I have a problem. It is a very complicated problem. I understand that It is hard to give an advice without looking into the sources. But I am stuck and need some ideas in ‘brainstorm’ format as an input for me. So, here is the problem:
There are many tests from sel4test suit are working. This is how does it look like:
http://pastebin.com/vvnDaUe9
Unfortunately, I found several configurations of the tests, which causes crashes with stable and different symptoms. One of them is looking following:
11 #include
12 #include "../test.h"
13 #include "../helpers.h"
14
15 #define MIN_EXPECTED_ALLOCATIONS 100
16
17
18
19
20
21
22
23 int test_allocator(env_t env)
24 {
25 /* Perform a bunch of allocations and frees */
26 vka_object_t endpoint;
27 int error;
28
29 for (int i = 0; i < MIN_EXPECTED_ALLOCATIONS; i++) {
30 error = vka_alloc_endpoint(&env->vka, &endpoint);
31 test_assert(error == 0);
32 test_assert(endpoint.cptr != 0);
33 vka_free_object(&env->vka, &endpoint);
34 }
35
36 return sel4test_get_result();
37 }
38 DEFINE_TEST(TRIVIAL0001, "Ensure the allocator works", test_allocator)
39 DEFINE_TEST(TRIVIAL0002, "Ensure the allocator works more than once", test_allocator)
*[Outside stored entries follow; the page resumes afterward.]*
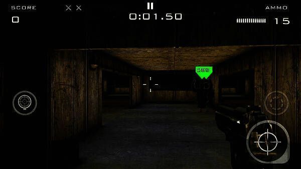 2、射击方向控制:通过左侧屏幕摇杆控制射击方向,尽量瞄准敌人头部,可一枪致命并获得分数加成。
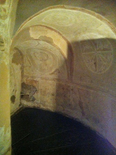 Очень интересные росписи украшают лестницу, ведущую на второй этаж. Здесь также много старых граффити (хотя и в основном объеме храма они тоже встречаются).
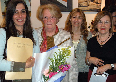 Entrega del Primer Premio a la Sra. Marcela Castro Estruch quien representara en la ceremonia al autor de la acuarela ganadora del Primer Premio, Sr. Horacio Luis Lotito.
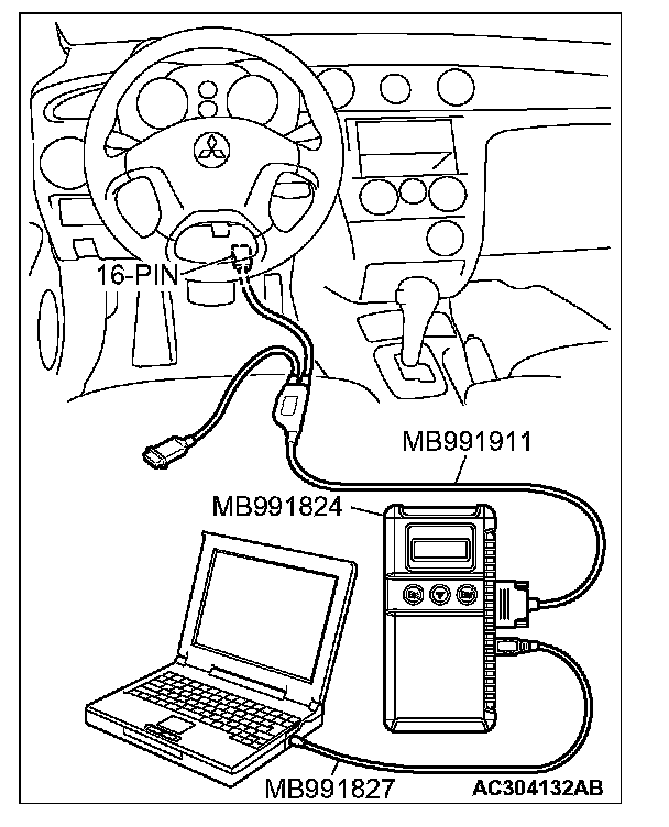 CAUTION: To prevent damage to scan tool MB991958, always turn the ignition switch to the "LOCK" (OFF) position before connecting or disconnecting scan tool MB991958.
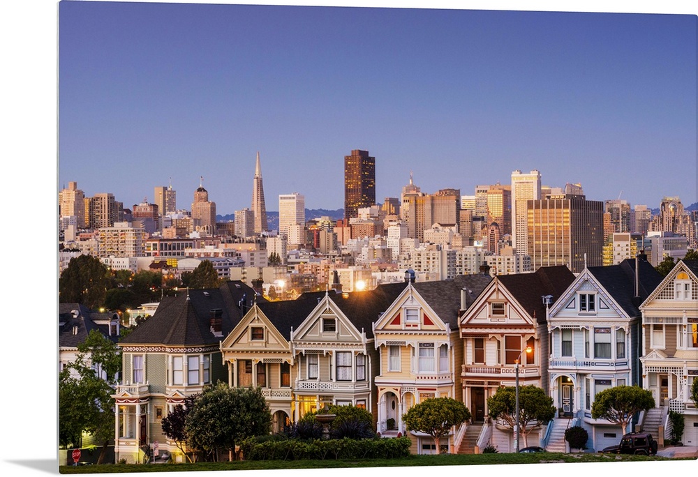 <p>North America, USA, America, California, San Francisco, Alamo Square, the painted ladys and city skyline.</p>
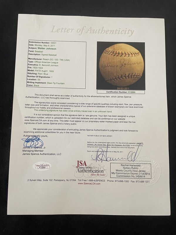 A Walter Johnson Signed Autograph Baseball - Traced (JSA Letter)
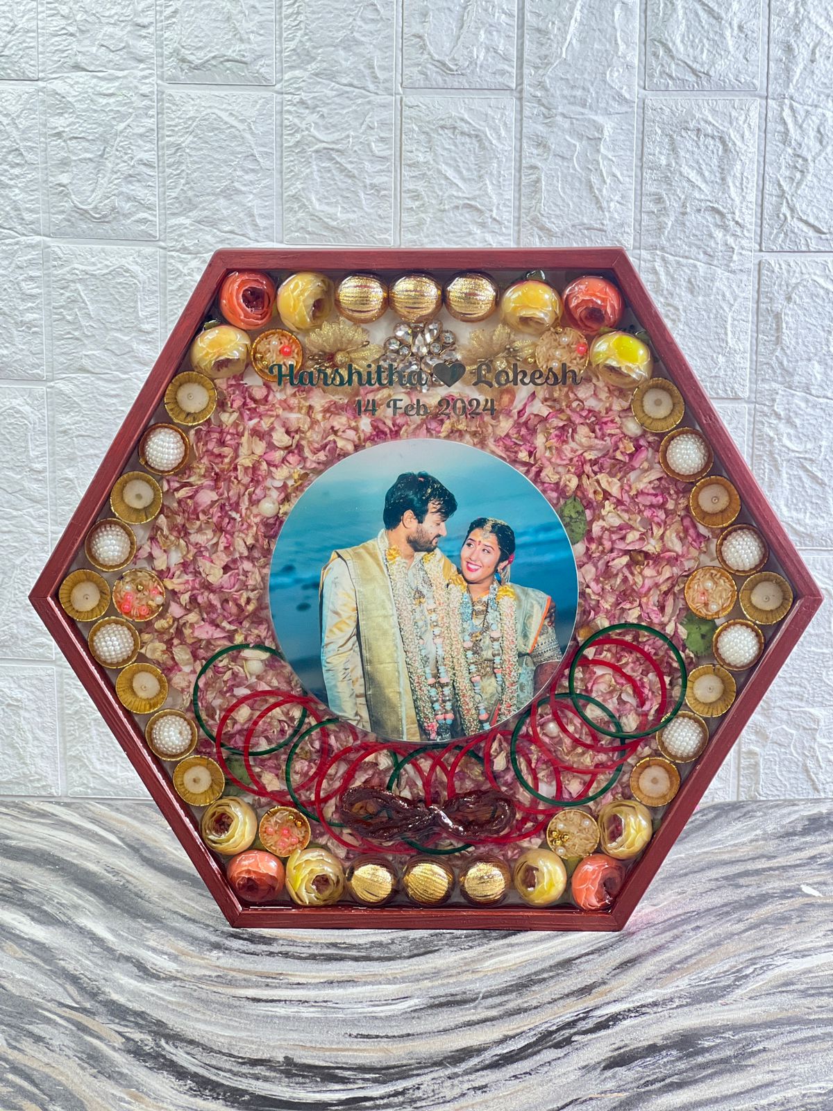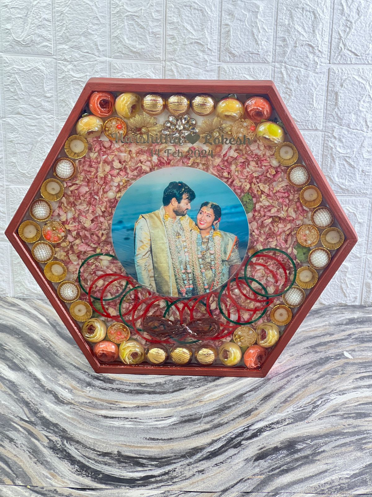 Product Description: This large 16-inch hexagon-shaped teak wood frame is an exquisite way to preserve your wedding memories. Featuring preserved pink petals, wedding bangles, and your cherished wedding photo, it’s a perfect representation of the beautiful memories created on your special day. The frame is also illuminated by an LED light, which adds a soft and warm glow to the preserved elements. The personalization of your names and wedding date makes this frame a one-of-a-kind keepsake. Features:
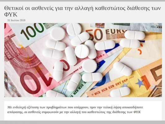 Θετικοί οι ασθενείς για την αλλαγή καθεστώτος διάθεσης των ΦΥΚ (Άρθρο που δημοσιεύθηκε στις 31 [...]
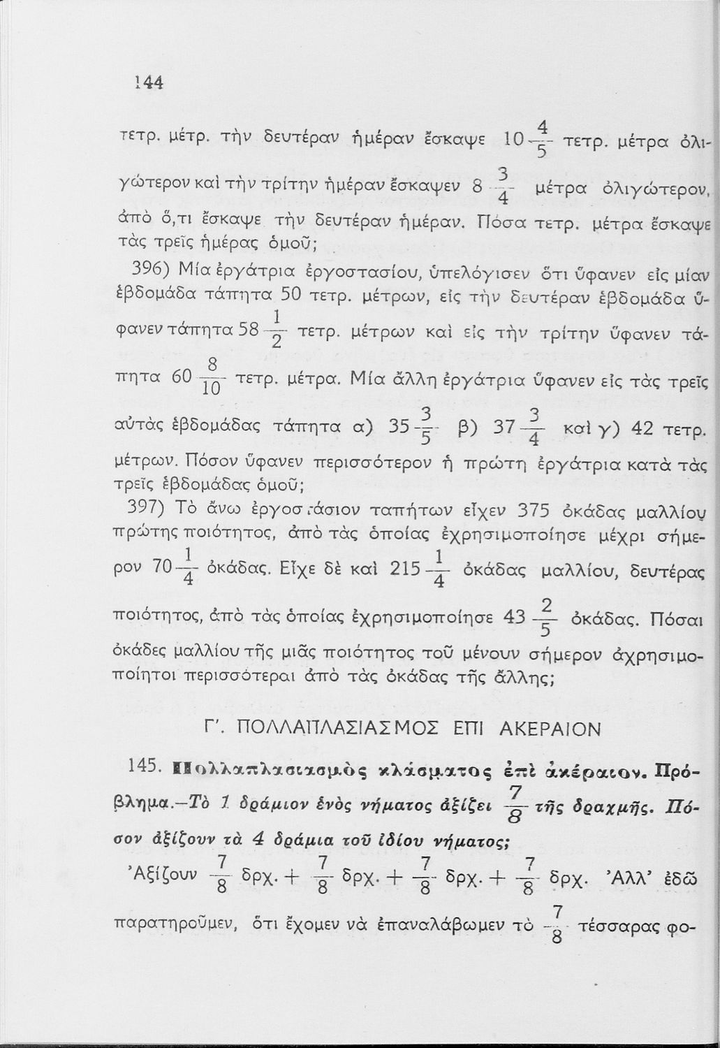 Σχολικό εγχειρίδιο Αριθμητικής για τα Γυμνάσια και Αστικά Σχολεία που είναι χωρισμένο σε θεωρία και ασκήσεις με έντονο επιχειρηματικό προσανατολισμό. Περιλαμβάνει στοιχεία Θεωρητικής Αριθμητικής.
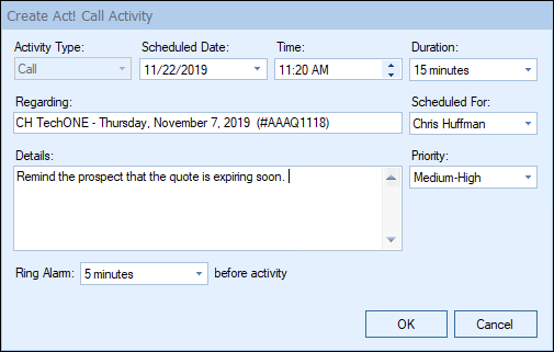If you already have a callback scheduled for this quote, QuoteWerks will display it so you can modify it.

as you might see, this is little bit modified version of trivial.c tests. Usual, when I am testing all tests, there is no problem with this test. But when I am running this file alone, I have a problem. Also, you might see, that there are several free lines with numbers from 16 to 22. I made this not accidental, it is a source of error. If the test_allocator(env_t env) is lockated in the 23rd line, this tests has no problem. But if I add one more free line, I have an error like this:
Starting test suite sel4test
Starting test 0: TEST_TRIVIAL0001
TEST_TRIVIAL0001
726:trap!, address error on store!
$0 : 0 fffffff8 7 10089000
$4 : 6a6ffc 3f 0 ffffffff
$8 : 1 7 1 20
$12 : 70f 0 2 6ae
$16 : 6a6ffc 5a6a50 ffffff30 6a6ffc
$20 : 3f 5a6e58 5a6a50 6a6fdc
$24 : 20 41bab0 0 0
$28 : 0 100848d8 fffffffe 41faf0
Hi : 20
Lo : 0
epc : 41f818
fi : 41f814
ra : 41faf0
Status: 20000002
Cause : 414
Config: 80008482
BadVaddr: f
which means, that the test-drivers (I know the ASID) tries to store something to the address 0x0000000f by the instruction located in the 0x41f818 (EPC). Also, it is failed before the starting of trivial.c test!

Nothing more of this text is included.